This chapter makes some observations on the format group training should take (or what seems to work for the author), and the importance of ground rules in the group, as well as suggesting the ones that seem to be most effective.
The author has a clinic, which runs sessions once per week, which last 2.5 hours, including a 15 minute break. The session consists of the following;
- The beginning of the session where there is a brief discussion with anyone who has missed sessions, the reasons behind their absence are analysed and known as ‘therapy interfering behaviours’
- Approximately an hour is spent reviewing ‘homework’ (the application of skills learnt at the last session throughout the past week). If someone did not practice, this must also be discussed as there will be reasons for their lack of motivation
- A short break is good to have, to break up the session and to allow members of the group to interact in a structured manner and to re-fuel with food and drink
- Approximately an hour is then spent going over new material, however it is important that the homework review is more important therefore if it needs longer than an hour, it should be given the extra time.
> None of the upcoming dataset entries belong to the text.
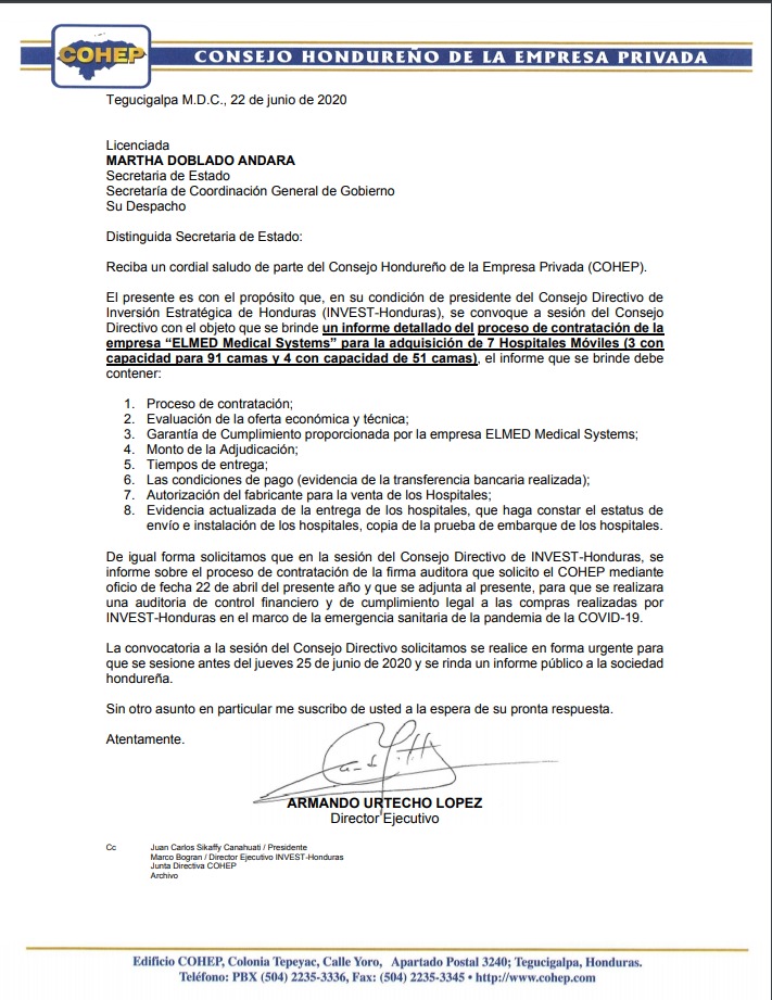COHEP solicita a Invest-H un informe detallado de la compra de hospitales móviles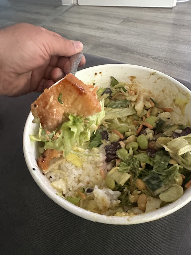 Die Teriyaki-Lachs-Bowl war eine Katastrophe: Ein trauriges, altes, ausgetrocknetes Stück Lachs, das nicht frisch war und sogar das Risiko einer Lebensmittelvergiftung barg.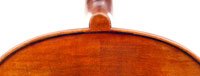 The two-piece back and sides are of excellent maple with an regular straight curl. Material for the top is well-chosen - high grade tone spruce with medium to narrow growth lines. The neck and scroll are a repeat of the material used in the back. The amber-brown varnish beautifully compliments the wood, adding lustre to the appearance.

- The session should be finished with a 15 minute ‘de-brief’ or ‘wind down’ to prevent people from leaving the group in a state of emotional turmoil. The book mentions two methods of ‘winding down’; the first is called process-observing whereby group members are asked to share (sometimes controversial) observations about how the session went). The second is using relaxation, meditation, visualisation and breathing exercises. Personally I prefer the second method, as it may be far too easy to make hurtful comments about other members and then damage their emotional state even further.
The book goes on to explain that it is very important to have ground rules within the group, and these should be explained in the first session, and to any new members who join the group (if it is an open group). It mentions the following;
1) Clients who drop out of therapy are out of therapy – The suggestion is that is someone does not attend four sessions, they are seen to have dropped out and cannot return to the group. This refers to ‘unexcused’ absences (absences with a valid excuse don’t count, such as hospitalisation).
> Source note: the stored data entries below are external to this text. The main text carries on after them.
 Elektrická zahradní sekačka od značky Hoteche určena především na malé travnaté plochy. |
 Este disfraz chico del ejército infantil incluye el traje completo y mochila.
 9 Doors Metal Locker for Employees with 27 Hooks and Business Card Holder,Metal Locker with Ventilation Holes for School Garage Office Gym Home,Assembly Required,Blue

2) Each client has to be in ongoing inividual therapy – As I mentioned before, it is important to have individual therapy alongside group skills training. Group training is for SKILLS, not the discussion of ongoing traumas in day-to-day life.
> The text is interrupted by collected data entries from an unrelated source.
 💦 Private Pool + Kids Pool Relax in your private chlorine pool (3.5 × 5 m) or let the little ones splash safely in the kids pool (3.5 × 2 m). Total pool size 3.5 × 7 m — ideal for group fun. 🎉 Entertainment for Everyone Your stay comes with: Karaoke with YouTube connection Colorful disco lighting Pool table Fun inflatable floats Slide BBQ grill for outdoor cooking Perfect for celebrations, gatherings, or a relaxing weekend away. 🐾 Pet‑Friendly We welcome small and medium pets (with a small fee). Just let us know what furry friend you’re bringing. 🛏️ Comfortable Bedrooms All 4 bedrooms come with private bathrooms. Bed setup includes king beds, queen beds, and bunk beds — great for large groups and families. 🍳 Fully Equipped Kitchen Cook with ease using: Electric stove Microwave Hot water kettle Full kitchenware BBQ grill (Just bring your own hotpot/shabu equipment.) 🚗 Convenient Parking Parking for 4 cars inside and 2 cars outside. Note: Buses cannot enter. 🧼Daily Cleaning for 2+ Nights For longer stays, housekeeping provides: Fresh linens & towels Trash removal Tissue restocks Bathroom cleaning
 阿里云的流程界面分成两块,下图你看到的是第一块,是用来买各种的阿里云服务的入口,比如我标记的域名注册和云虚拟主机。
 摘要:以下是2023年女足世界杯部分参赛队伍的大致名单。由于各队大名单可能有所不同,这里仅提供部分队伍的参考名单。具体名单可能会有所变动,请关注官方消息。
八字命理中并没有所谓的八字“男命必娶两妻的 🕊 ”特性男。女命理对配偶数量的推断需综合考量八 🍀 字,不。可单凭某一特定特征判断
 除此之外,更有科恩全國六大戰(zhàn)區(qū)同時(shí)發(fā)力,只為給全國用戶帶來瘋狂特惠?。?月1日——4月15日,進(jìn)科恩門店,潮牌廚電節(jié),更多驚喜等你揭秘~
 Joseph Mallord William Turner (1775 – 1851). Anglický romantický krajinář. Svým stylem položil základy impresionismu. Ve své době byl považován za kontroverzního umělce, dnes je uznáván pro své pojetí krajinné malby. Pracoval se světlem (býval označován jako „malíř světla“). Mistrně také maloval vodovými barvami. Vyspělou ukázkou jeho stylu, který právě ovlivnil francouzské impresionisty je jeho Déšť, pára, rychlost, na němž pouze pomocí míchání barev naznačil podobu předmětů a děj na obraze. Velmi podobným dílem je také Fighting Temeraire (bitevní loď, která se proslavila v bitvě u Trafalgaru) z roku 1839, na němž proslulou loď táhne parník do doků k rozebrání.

3) Clients must not come to the session under the influence of drugs or alcohol
4) Clients are not to discuss past (even if immediate) parasuicidal behaviours with other clients outside of sessions – I had to google ‘parasuicial’ but basically it means a suicide attempt or self harm which not result in death. This rule is mainly because when you hear about someones suicide attempt/self harm it creates a strong urge to copy their behaviour.
5) Clients who call one another for help when feeling suicidal must be willing to accept help from the person called – Basically if you phone someone, you must allow them to help you. You can’t tell them to keep it to themselves – if you are in trouble you must accept their help.
6) Information obtained during sessions, as well as the names of clients, must remain confidential
7) Clients who are going to be late or miss a session should call ahead of time – As well as being common courtesy, it also prevents other group members from worrying about you.
8) Clients may not form private relationships outside of training sessions – The emphasis here is on the word ‘private’, meaning a relationship that cannot be, or would be awkward to be, discussed in the group setting.
9) Sexual partners may not be in skills training together – This could be awkward for both parties and other group members
As always, if I have written something incorrect, please let me know, I am learning!